- [What the exercise asks]
A single stretch of the material below is to be transcribed exactly, starting at the line with "сдача IV квартал" and ending after the line with "Canadian forward Nathan".

- [Extracted entries]
* * *
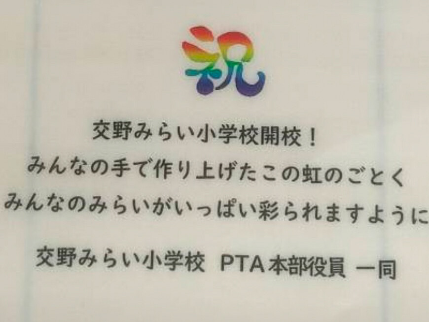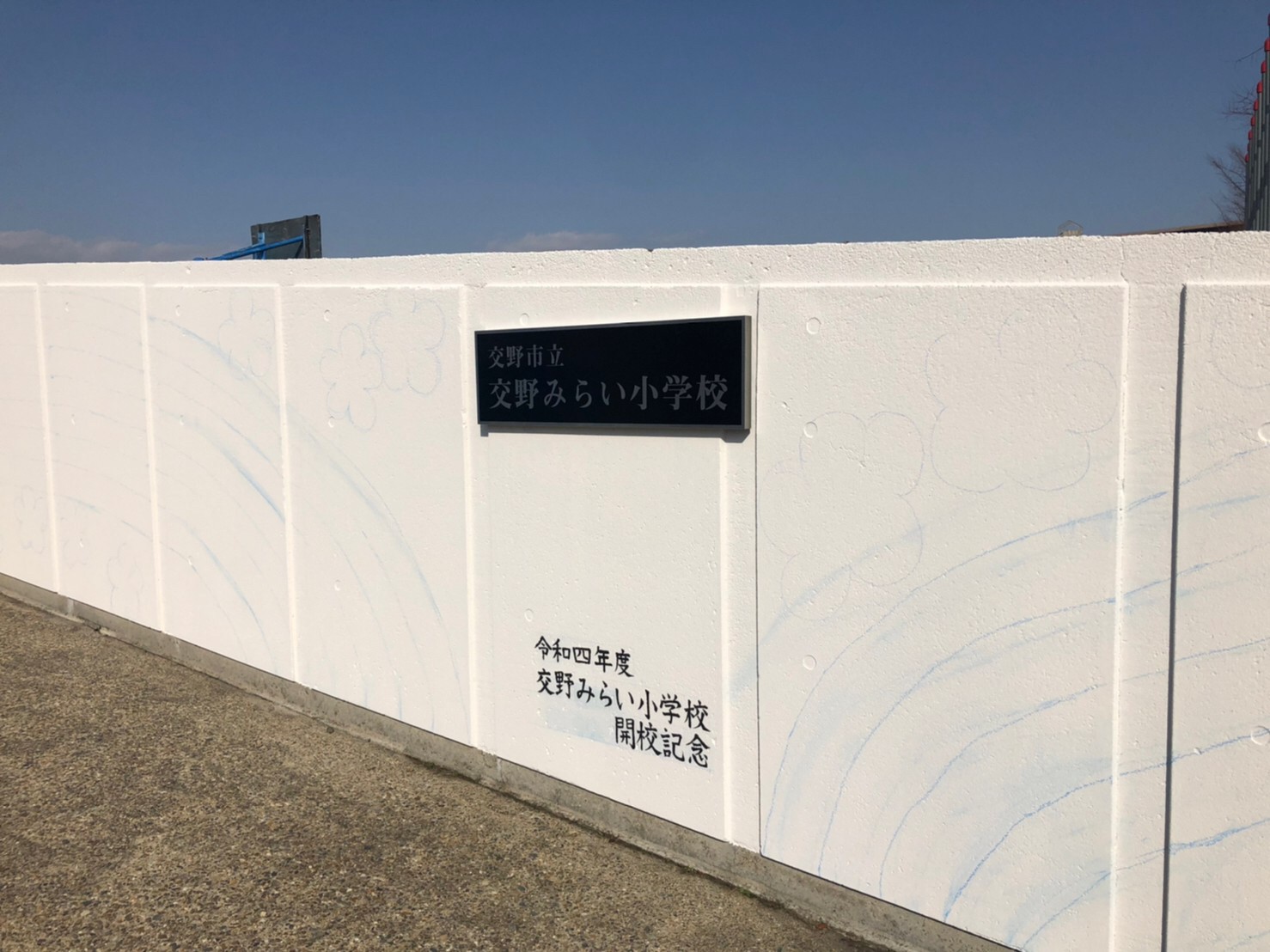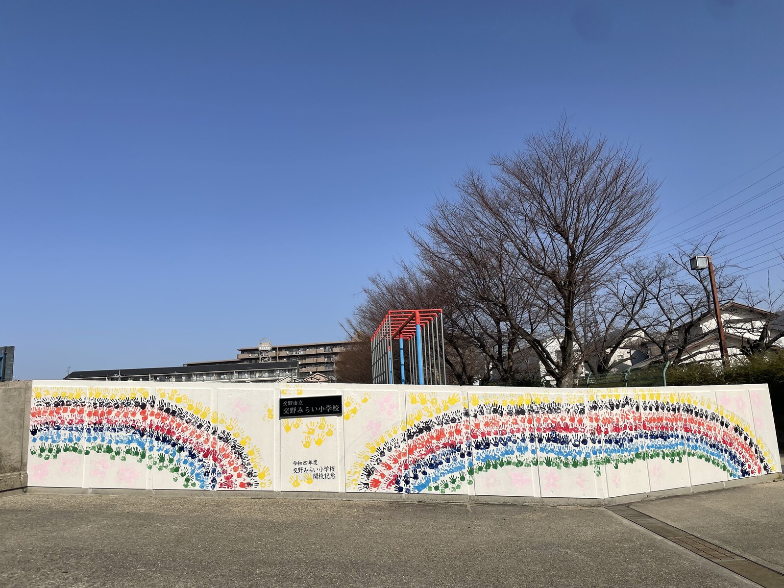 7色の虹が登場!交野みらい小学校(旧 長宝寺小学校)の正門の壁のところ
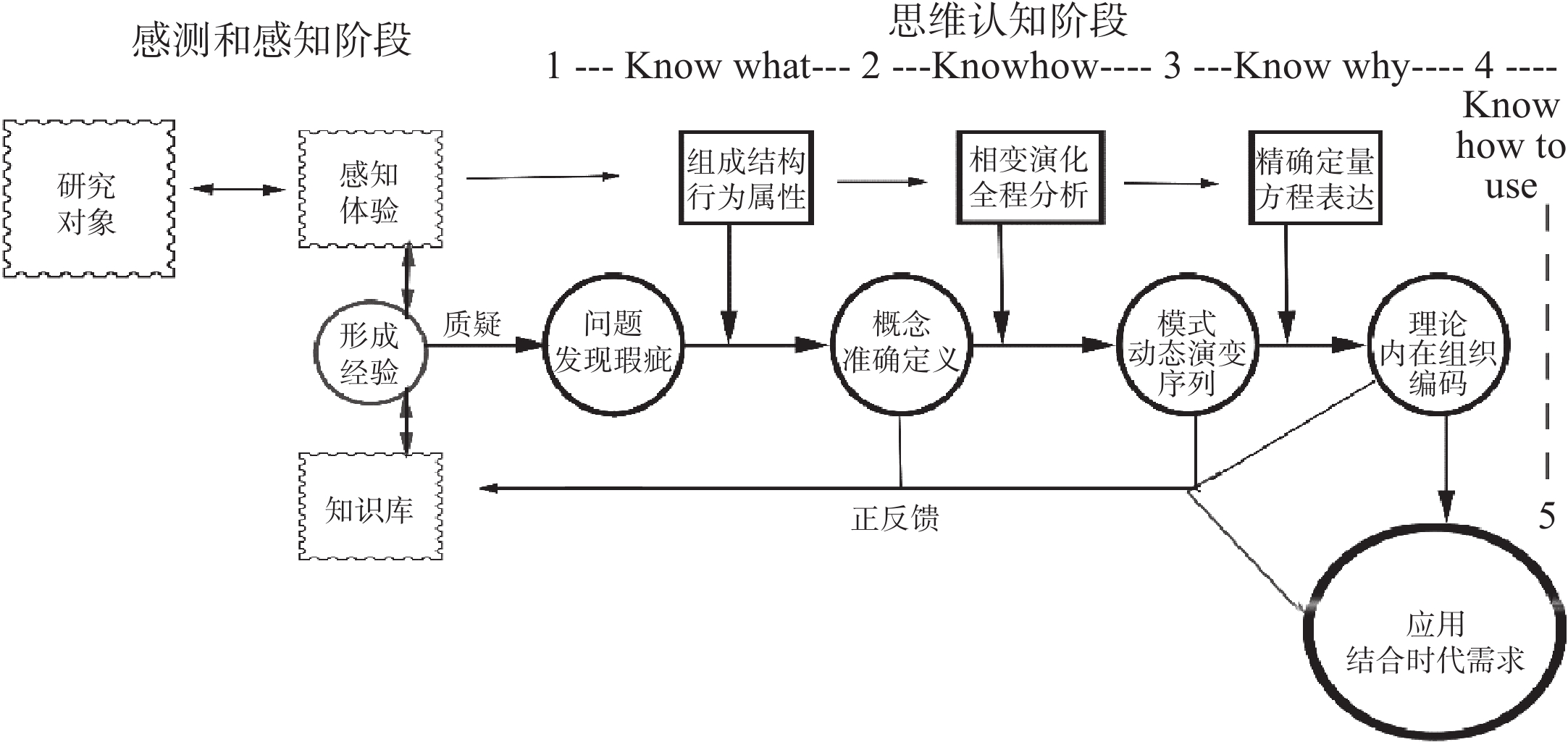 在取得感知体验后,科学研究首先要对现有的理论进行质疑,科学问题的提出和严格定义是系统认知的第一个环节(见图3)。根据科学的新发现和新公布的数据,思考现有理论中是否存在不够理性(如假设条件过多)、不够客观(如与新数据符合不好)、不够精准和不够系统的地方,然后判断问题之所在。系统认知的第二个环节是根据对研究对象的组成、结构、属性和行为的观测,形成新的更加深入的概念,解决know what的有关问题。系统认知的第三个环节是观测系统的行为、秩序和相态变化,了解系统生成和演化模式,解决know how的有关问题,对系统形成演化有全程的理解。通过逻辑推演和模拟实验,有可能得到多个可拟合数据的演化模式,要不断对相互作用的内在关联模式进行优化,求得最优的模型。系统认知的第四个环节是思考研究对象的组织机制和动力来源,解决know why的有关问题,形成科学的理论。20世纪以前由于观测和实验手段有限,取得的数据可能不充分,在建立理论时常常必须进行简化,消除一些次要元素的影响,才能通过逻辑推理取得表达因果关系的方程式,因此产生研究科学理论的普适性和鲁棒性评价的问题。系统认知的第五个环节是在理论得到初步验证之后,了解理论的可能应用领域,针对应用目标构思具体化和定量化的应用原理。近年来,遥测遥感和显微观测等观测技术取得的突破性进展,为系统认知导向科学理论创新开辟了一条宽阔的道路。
* * *
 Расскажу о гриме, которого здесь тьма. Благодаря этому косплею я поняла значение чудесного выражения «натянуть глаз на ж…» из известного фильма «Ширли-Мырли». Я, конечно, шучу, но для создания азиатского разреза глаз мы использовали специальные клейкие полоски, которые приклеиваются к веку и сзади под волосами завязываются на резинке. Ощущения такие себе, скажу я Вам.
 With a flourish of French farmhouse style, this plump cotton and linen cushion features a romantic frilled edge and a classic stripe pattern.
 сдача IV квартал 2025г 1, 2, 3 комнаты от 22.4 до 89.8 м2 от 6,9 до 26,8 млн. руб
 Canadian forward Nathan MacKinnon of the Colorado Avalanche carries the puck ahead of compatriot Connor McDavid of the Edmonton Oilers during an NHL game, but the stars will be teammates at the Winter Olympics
* * *
- [Exercise result]
 сдача IV квартал 2025г 1, 2, 3 комнаты от 22.4 до 89.8 м2 от 6,9 до 26,8 млн. руб
 Canadian forward Nathan MacKinnon of the Colorado Avalanche carries the puck ahead of compatriot Connor McDavid of the Edmonton Oilers during an NHL game, but the stars will be teammates at the Winter Olympics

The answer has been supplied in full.